Both the Platform for Action adopted by the United Nations at Beijing in 1995 (to which the Canadian Government was a signatory) and the Federal Plan for Gender Equality (1995) recognize the disadvantaged financial position in which older women find themselves. The U.N. declaration makes commitments to promote opportunities for older women in the workforce.The Federal Plan commits itself to the provision of education, training, and retraining programs and employment services targeted at women re-entrants to the work force, although it does not identify older women specifically in that category.

The U.N. Platform for Action affirms that governments will take measures to ensure equal access of women to ongoing training, including women re-entering the labour market after an extended exit from employment owing to family responsibilities and other causes, and women displaced by new forms of production or by retrenchment.

We request the federal government take action on these commitments in order to promote opportunities for all women, including older women, to have equal access to employment.

With specific regard to poverty, Canada agreed to "review, adopt, and maintain macro-economic policies and develop strategies that address the needs and efforts of women in poverty." Instead, Canada has chosen to cut back social programs, This has resulted in an increase in the number of women and children existing in poverty. This situation will result in these and many other women and their daughters facing the same fate as approximately 2/3 of older women face today: a life with an income below the poverty line.

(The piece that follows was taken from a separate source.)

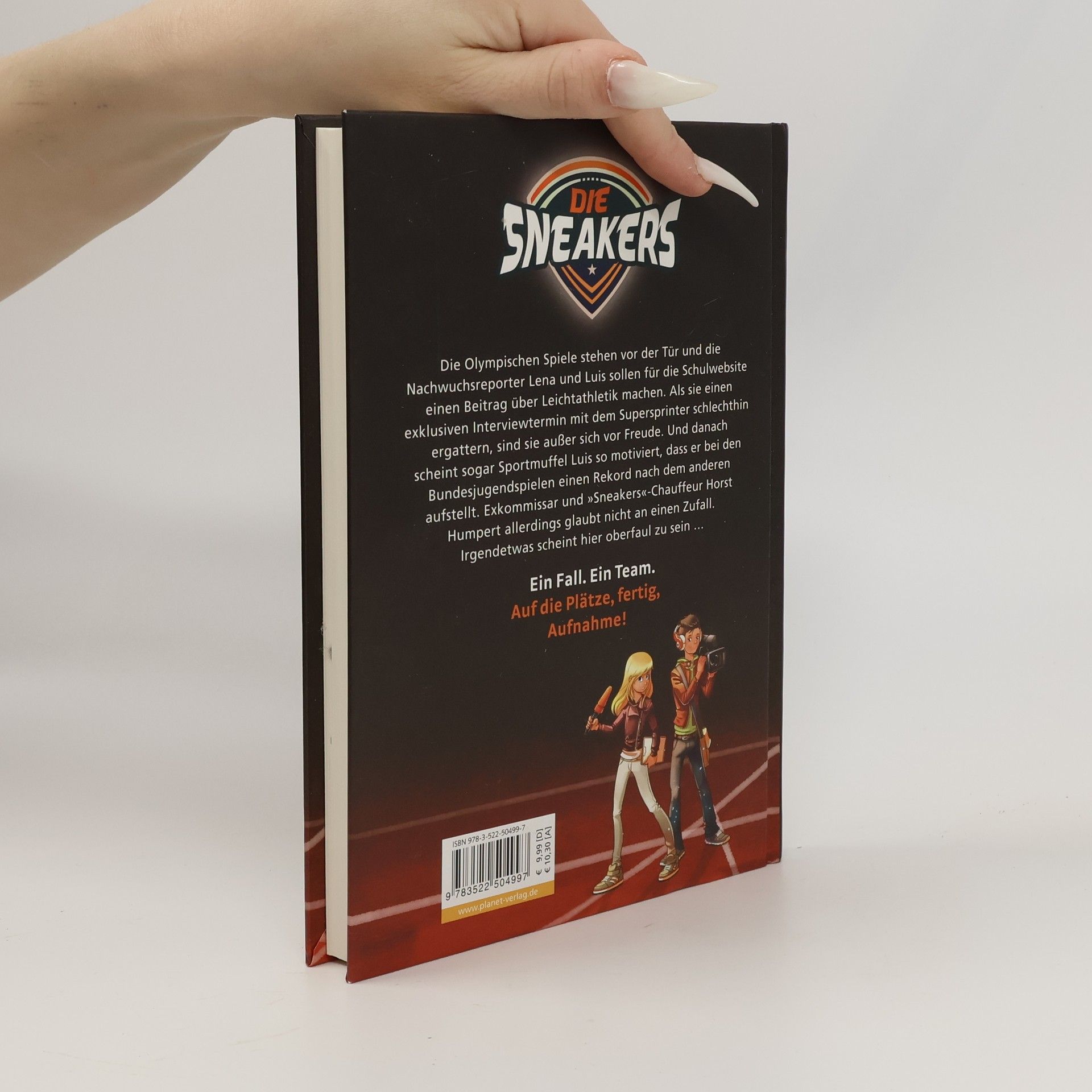 Ein Fall. Ein Team – Auf die Plätze, fertig, Aufnahme! Die Olympischen Spiele stehen vor der Tür, daher sollen Lena und Luis für ihre Schulwebsite einen Beitrag über Leichtathletik machen. Perfekt – denn im Moment findet in ihrem Ort ein Sportfestival statt, bei dem sich die Teilnehmer für die Olympischen Spiele qualifizieren können. Die Sneakers können es kaum fassen, als sie mit dem Supersprinter schlechthin in seinem Hotelzimmer ein exklusives Interview ergattern. Danach scheint sogar Sportmuffel Luis total motiviert, als er beim Sportfest einen Rekord nach dem anderen aufstellt. Aber Lena kommt die Sache irgendwie ziemlich komisch vor … Inklusive einem Videointerview mit Top-Athlet Robert Harting!
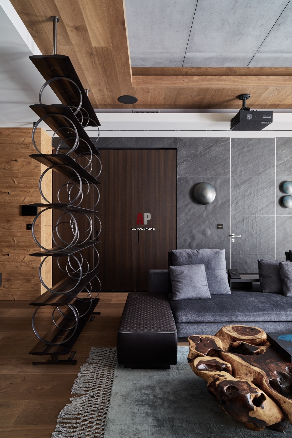 Современный экологичный интерьер в Хамовниках. Гостиная. На полу – дубовый паркет, обработанный натуральными кислотами, доски разного формата: ширина 24-40 см, дина – 150-300 см. Панелирование стен, отделка дверного полотна шпоном камня.

    • i. We request the federal government to put child-care funding and job creation back on the agenda.
    • ii. We request the federal government restore the Canada Assistance Plan (CAP) which has now been replaced by the Canada Health and Social Transfer (CHST); and to restore Unemployment Insurance (UI) which has now been replaced by Employment Insurance (EI).
    • iii. We request the federal government to retain Old Age Security (OAS), the Guaranteed Income Supplement (GIS) and the Canada Pension Plan (CPP).
    • iv. Canada’s present and proposed policies in each of the seven areas has markedly negative effects upon women.